Athletic scholarships are offered in most sponsored sports at most institutions, but with more stringent limits as to the numbers offered in any one sport than at the Division I level. For example, Division II schools may give financial aid in football equivalent to 36 full scholarships (whereas each school in Division I FBS, the highest level, is allowed 85 individuals receiving financial aid for football), although some Division II conferences limit the number of scholarships to a lower level. Division II scholarship programs are frequently the recipients of student-athletes transferring from Division I schools; a transfer student does not have to sit out a year before resuming sports participation as would usually be the case in the event of transferring from one Division I institution to another. Several exceptions to this rule currently exist, of which three are the most significant. First, football players transferring from a Division I FBS school to a Division I FCS school do not have to sit out a year, provided that the player has at least two remaining seasons of athletic eligibility. The same also applies to players transferring from scholarship-granting FCS schools to non-scholarship FCS schools. (Note: Most FCS members award football scholarships, but the following programs do not award football scholarships:
- Members of the Ivy League, which prohibits its members from awarding athletic scholarships in any sport.
- Members of the Pioneer Football League, a football-only league that also bans athletic scholarships (though only in that sport).
- Georgetown, which chose to remain a non-scholarship football program after its football home of the Patriot League began allowing football scholarships in 2013.) Second, a first-time transfer does not have to sit out a year, provided that the player's former institution grants a scholarship release. Before the 2021–22 school year, this applied to sports other than football, baseball, men's and women's basketball, and men's ice hockey; it was extended to the remaining sports effective in 2021–22. Additionally, student-athletes in any sport who complete a bachelor's degree and still have athletic eligibility remaining can transfer to another school and be immediately eligible, provided that they enroll in a separate degree program (whether graduate, undergraduate, or professional) at the new institution. There are also some restrictions with transferring to another school for the same sport in the same conference.

==Conferences==

- California Collegiate Athletic Association (Note: Non-football conferences)
- Central Atlantic Collegiate Conference
- Central Intercollegiate Athletic Association (Note: Conferences that sponsor football)
- Conference Carolinas
- East Coast Conference
- Great American Conference
- Great Lakes Intercollegiate Athletic Conference
- Great Lakes Valley Conference
- Great Midwest Athletic Conference
- Great Northwest Athletic Conference
- Gulf South Conference
- Lone Star Conference
- Mid-America Intercollegiate Athletics Association
- Mountain East Conference
- Northeast-10 Conference
- Northern Sun Intercollegiate Conference
- Pacific West Conference
- Peach Belt Conference
- Pennsylvania State Athletic Conference
- Rocky Mountain Athletic Conference
- South Atlantic Conference
- Southern Intercollegiate Athletic Conference
- Sunshine State Conference

- Notes

The newest D-II conference is the Mountain East Conference, formed in 2012 after the football-sponsoring schools in the West Virginia Intercollegiate Athletic Conference (WVIAC) announced that they would leave to form a new league, a move that led to the demise of the WVIAC. The Mountain East was approved by the NCAA Division II Membership Committee in February 2013, and became an official conference on September 1 of that year.

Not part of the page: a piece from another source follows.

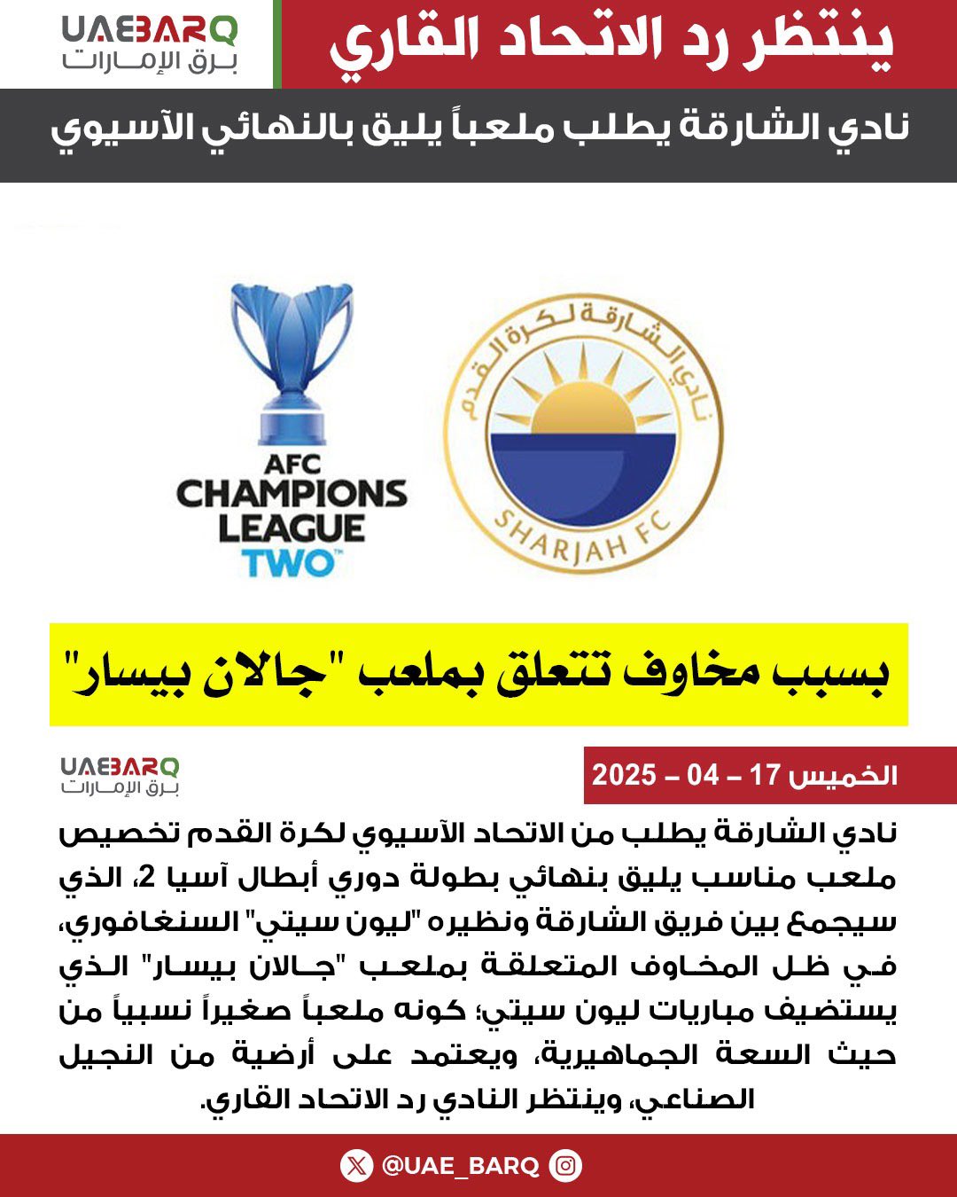 ينتظر رد الاتحاد القاري.. نادي الشارقة يطلب ملعباً يليق ب #النهائي_الآسيوي.

The most recent change to the roster of D-II conferences was the demise of the Heartland Conference at the end of the 2018–19 school year. In August 2017, eight of its nine members announced a mass exodus to the Lone Star Conference (LSC). The remaining Heartland member, Newman University, announced in February 2018 that it would become a de facto member of the Mid-America Intercollegiate Athletics Association (MIAA) at that time. Newman technically became an associate member because it does not sponsor football, a mandatory sport for full MIAA members, but now houses all of its varsity sports in that league. One of the eight schools that originally announced a move to the LSC, Rogers State University, later changed course and instead chose to follow Newman into de facto MIAA membership (like Newman, and indeed all other Heartland members, Rogers State does not sponsor football). Newman and Rogers State were eventually granted full membership in the league on July 1, 2022.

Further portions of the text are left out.